Process finished with exit code 0

Failure

waf-light clean configure build
'clean' finished successfully (0.007s)
Setting top to                           : /Users/HA9WF3CZ/Code/gss-build/standard-build 
Setting out to                           : /Users/HA9WF3CZ/Code/gss-build/standard-build/build 
Configuring with context in None
'configure' finished successfully (0.004s)
Waf: Entering directory `/Users/HA9WF3CZ/Code/gss-build/standard-build/build'
[1/4] csv-lint codelists/sector.csv-metadata.json
[2/4] csv-lint codelists/sector-type.csv-metadata.json
......................................
/workspace/codelists/sector-type.csv is VALID

(CsvLintTask) ERROR: Failed when running command "docker run --rm -v '/var/folders/0p/5mskt39n2l9_bw46x82hm6d80000gq/T/tmpbgtdwx05':/workspace -w /workspace gsscogs/csvlint csvlint -s 'codelists/sector.csv-metadata.json' "
Build failed
 -> task in 'CsvLintTask' failed with exit status 1 (run with -v to display more information)
..!.....
/workspace/codelists/sector.csv is INVALID
1. duplicate_key.

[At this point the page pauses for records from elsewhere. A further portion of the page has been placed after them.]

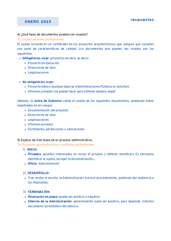 Preguntas resueltas de la parte teórica del examen de enero 2023
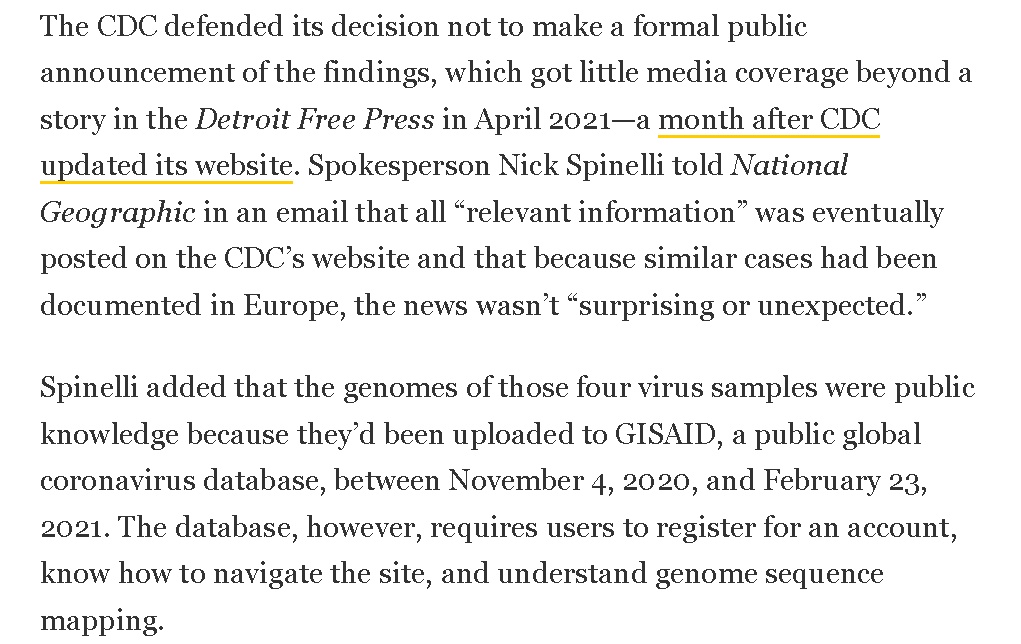 然而,美国疾控中心并没有及时披露这一发现,而是直到2021年3月才将这些情况发布在其官网上。“国家地理”网站在形容美国疾控中心这一行为时,还特地使用了“悄悄”一词。
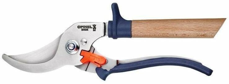 Az Opinel Scissor Blue kerti olló robusztus pengével rendelkezik, amely korrózióálló 12C27 rozsdamentes acélból készült. A fogantyú természetes lakkozott bükkfából készült, kék színű. Az ollók háromfokozatú zárral rendelkeznek, 3 pozícióban az ágak vastagságtól függően (zárt, keskeny, széles helyzet). Fesztáv: 20 cm

Row: 3,2. dcms-sectors-exc-tourism-and-civil-society

Waf: Leaving directory `/Users/HA9WF3CZ/Code/gss-build/standard-build/build'

Process finished with exit code 1

Nothing to Build

Waf: Entering directory `/Users/HA9WF3CZ/Code/gss-build/standard-build/build'
Waf: Leaving directory `/Users/HA9WF3CZ/Code/gss-build/standard-build/build'
'build' finished successfully (0.008s)

Just Build what's changed

I made a small change in the sector.csv-metadata.json file here.

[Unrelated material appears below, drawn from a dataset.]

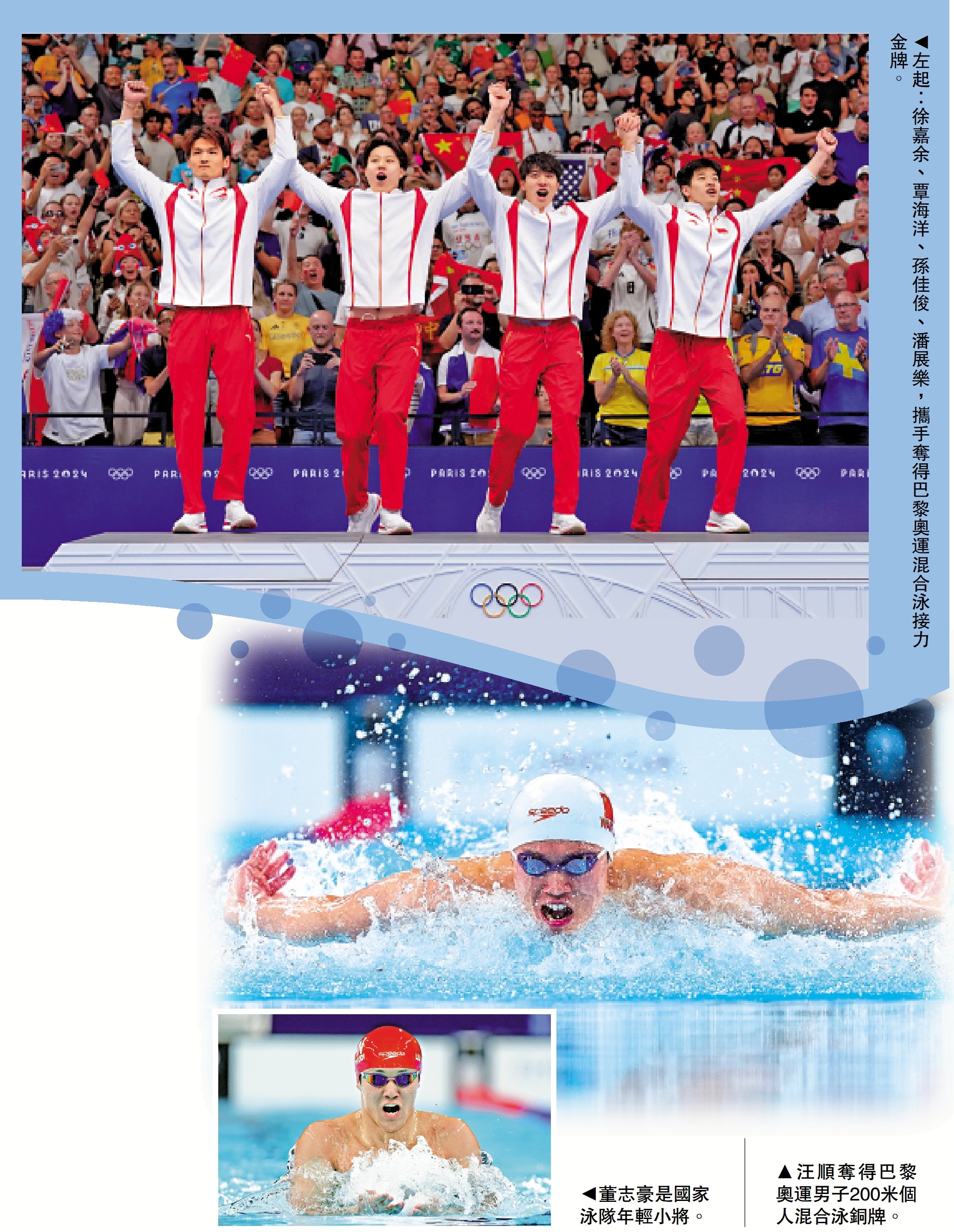 巴黎奧運周期中,中國男子游泳隊湧現出潘展樂、覃海洋、董志豪、張展碩、王浩宇、季新傑等多位世界冠軍,迎來了屬於自己的黃金時代。巴黎奧運上,中國男子游泳隊勇奪男子4×100米混合泳接力金牌,打破了美國游泳隊對該項目長達40年的壟斷。更令人欣喜的是,一大批年輕精英已經從內地賽場走向世界大賽舞台中央,讓國人對中國男子游泳的未來充滿了希望。

Waf: Entering directory `/Users/HA9WF3CZ/Code/gss-build/standard-build/build'
[2/4] csv-lint codelists/sector.csv-metadata.json
........
/workspace/codelists/sector.csv is VALID

[3/4] csv2rdf codelists/sector.csv-metadata.json
Waf: Leaving directory `/Users/HA9WF3CZ/Code/gss-build/standard-build/build'
'build' finished successfully (7.602s)

Outstanding Issues

  • The differential build works best when we define tasks which run on a granular basis. i.e. instead of bundling all CSV2RDF transformations into one task, it works best when we generate one task for each CSV-W. This means it can easily ensure that it only runs the tasks related to input files which have changed since the last build. If we took this approach, this would mean that we would lose the performance benefits of the gss-jvm-build-tools which bundles all of those operations into one task. Is there a way that we can bundle the inputs together for the gss-jvm-build-tools performance improvements, but filter them down so that we only process the inputs which have genuinely changed?